Seals Use Whiskers to Track Prey Underwater
Because a harbor seal's whiskers have between 1,000 and 1,600 nerve fibers per hair, they are possibly the most sensitive whiskers in the animal kingdom, said researcher Guido Dehnhardt of Germany's Ruhr-Universitat Bochum.
Dehnhardt and his colleagues enlisted Mike and Henry, two harbor seals from the Cologne Zoo in Germany, to help show that seals can use these highly attuned whiskers to track a water disturbance even in very clouded conditions and when the object that disrupted the water is long gone, at distances that could range up to 591 feet (180 meters).
Dolphins use a sort of sonar called echolocation to find their prey, pinpointing locations by measuring how long it takes a sound wave to bounce off an undersea object. But researchers had been unable to find evidence that pinnipeds, the group that includes seals, had anything similar.
A study in the current issue of the journal ***Science*** tells how a blindfolded Henry -- after being trained to follow a miniature submarine without any sensory restrictions -- was put in murky water with headphones on to mask sound. Then, after turning off the motor, researchers removed the headphones and released the seal so it could try and find the little sub.

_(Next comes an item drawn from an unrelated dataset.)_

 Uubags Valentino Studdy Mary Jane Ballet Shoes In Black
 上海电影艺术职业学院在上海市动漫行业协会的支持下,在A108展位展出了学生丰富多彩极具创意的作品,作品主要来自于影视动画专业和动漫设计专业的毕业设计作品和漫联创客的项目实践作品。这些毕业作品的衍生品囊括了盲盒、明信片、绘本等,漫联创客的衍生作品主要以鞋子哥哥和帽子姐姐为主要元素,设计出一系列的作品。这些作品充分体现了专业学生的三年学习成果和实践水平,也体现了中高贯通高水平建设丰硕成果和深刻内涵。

Not only did Henry track the sub 256 out of 326 times, he actually followed the exact path it had tracked 80 percent of the time.

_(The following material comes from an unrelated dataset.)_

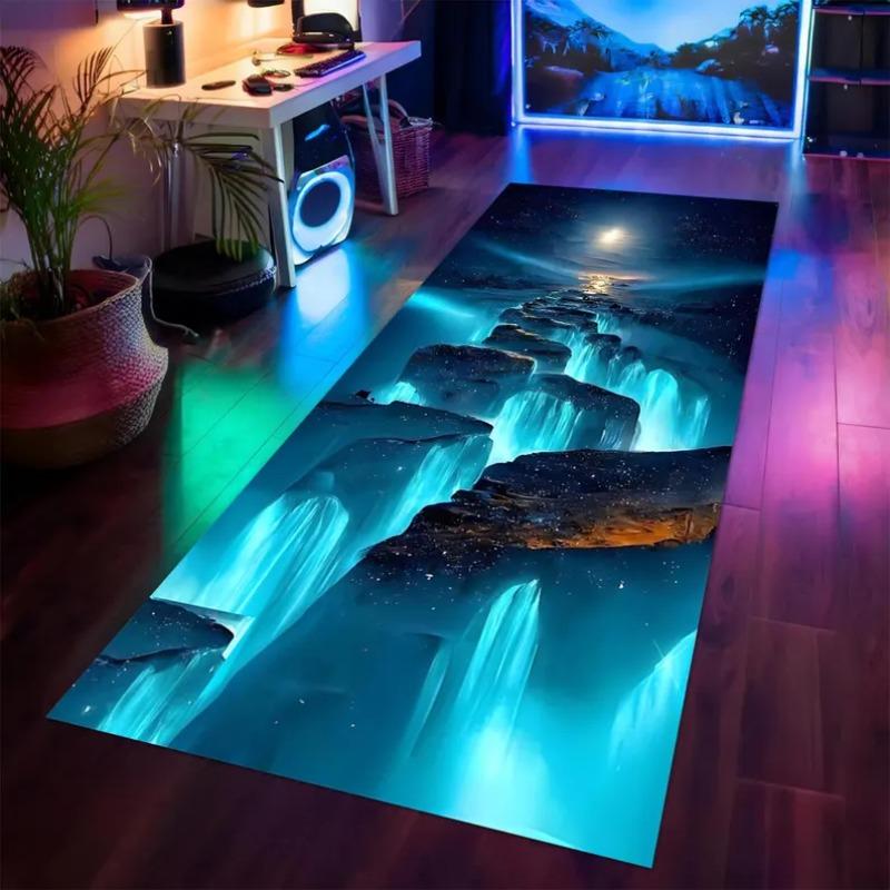 3D Luminescent Waterfall Carpet Glowing Cascade with Rock Cliff Print Runner Rug Ethereal Blue Flow Floor Mat Fashion and Beauty

The seals were able to track the submarine from as far away as 131 feet (40 meters).
The sub's water disturbance trail lasts 30 seconds but fish leave trails that can last three to five minutes, the time it takes a goldfish to swim 164 feet (50 meters), Dehnhardt said.
"Fish trails are much more stable than the submarine's trail. The submarine's trail has several components which are similar to fish trails but they are not that stable so they disappear in 30 seconds," he said in a telephone interview.
"But these long-lasting fish trails, they should be usable by a seal to detect. For example a herring, if the herring is about 328 to 591 feet (100 to 180 meters) away or even more, it depends on the size and the swimming style of the fish," Dehnhardt said.
When their whiskers were covered with a stocking mask, the seals failed to find the sub.
Now Dehnhardt and his colleagues are planning to take things one step closer to nature, using real fish which they will train to swim from one point to another in a tank. When the fish is safely in a little chamber at the other side of the tank, they will let the seal try to follow.